«Toute exploitation d’élevage doit obligatoirement avoir été précédée d’une déclaration ou d’une autorisation », rappelle Alexis Douillard, du service juridique de l’Union des groupements de producteurs de viande de Bretagne (UGPVB).

En fonction du nombre d’animaux ou d’emplacements, les formalités et le régime administratif diffèrent.
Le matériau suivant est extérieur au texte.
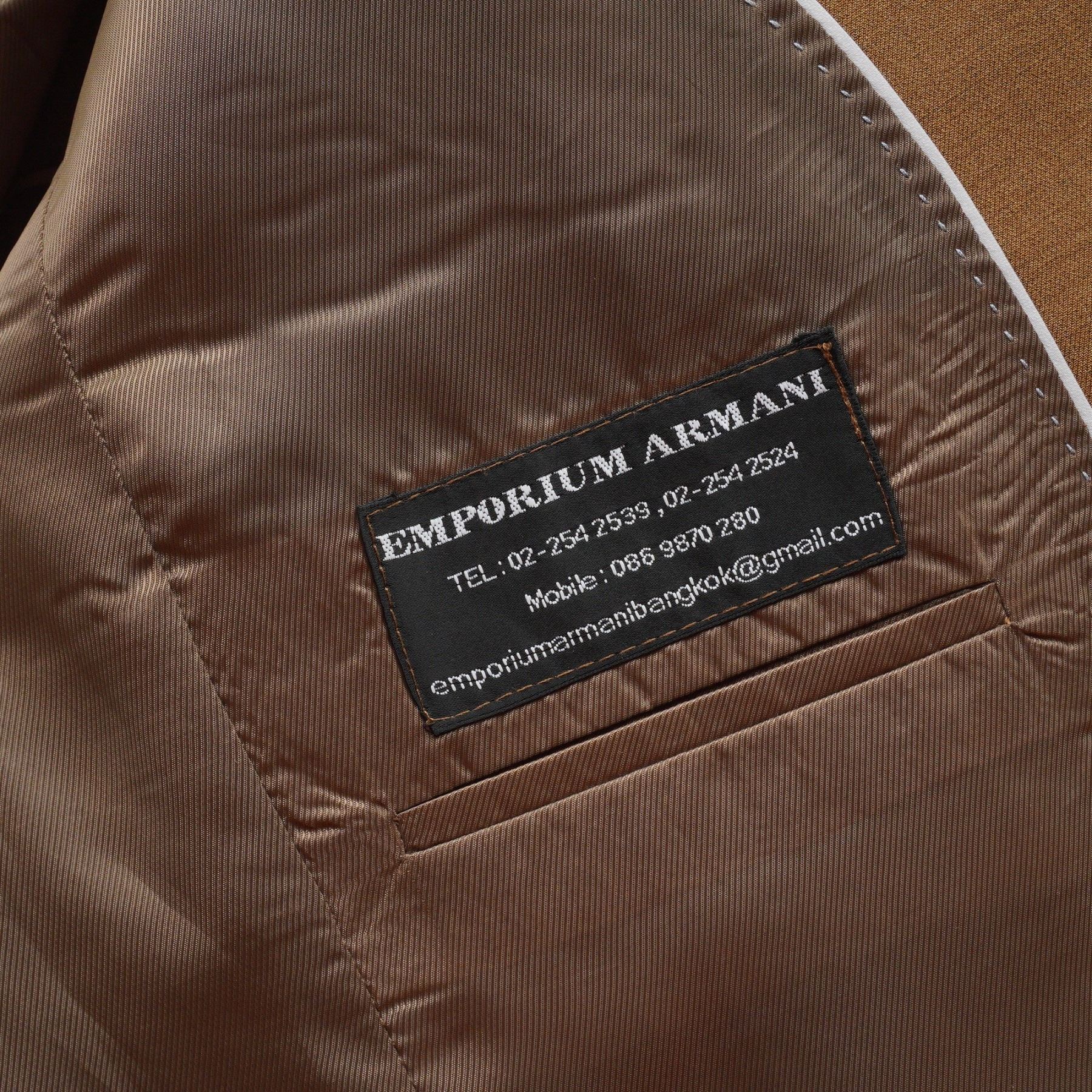 Stylish duo of designer menswear blazers featuring a sleek Emporio Armani brown wool blazer and a Zara Man linen blazer in a subtle gray camouflage pattern. The Armani jacket exudes timeless sophistication with a structured silhouette, notch lapels, and classic pocket detailing, lined in satin with a custom Emporium Armani interior label. The Zara Man blazer offers a contemporary contrast with its lightweight linen blend, single-button closure, and modern textured pattern that embodies casual refinement. Together, these pieces blend high-end tailoring and effortless European flair, perfect for collectors of designer fashion or for elevating any wardrobe with distinctive versatility. Sizes: M-L.

Ainsi, pour une exploitation de volailles, on distingue quatre cas de figure.

} Moins de 5 000 animaux équivalents (AE) (une poule pondeuse et une volaille de chair valent 1 AE, tandis qu’une dinde vaut entre 2,20 et 3 AE selon sa taille), elle ne nécessite pas d’autorisation mais une simple déclaration au règlement sanitaire départemental (RSD).

} Entre 5 000 AE et 30 000 emplacements, elle ne requiert toujours pas d’autorisation d’exploiter mais une déclaration à la préfecture au titre de la législation des installations classées pour la protection de l’environnement (ICPE), à réaliser en ligne sur le site internet service-public.fr.

} Entre 30 000 et 40 000 emplacements, elle doit acquérir une autorisation simplifiée, autrement appelée enregistrement, au titre de la législation des ICPE.

} Plus de 40 000 emplacements, elle exige l’obtention d’une autorisation au titre de la législation des ICPE. « Néanmoins, si à ce jour l’exploitation de volailles que vous projetez de reprendre fonctionne régulièrement, vous bénéficierez de la déclaration ou de l’autorisation obtenue par l’ancien exploitant », précise le juriste de l’UGPVB. Le changement doit toutefois être notifié à la préfecture. »

Pour les entreprises en déclaration et enregistrement ICPE, le nouvel exploitant doit le notifier à la préfecture dans le mois qui suit la prise en charge de l’exploitation (déclaration à réaliser en ligne sur le site service-public.fr). En ce qui concerne celles en autorisation ICPE, l’éleveur repreneur doit effectuer cette déclaration dans les trois mois qui suivent le transfert.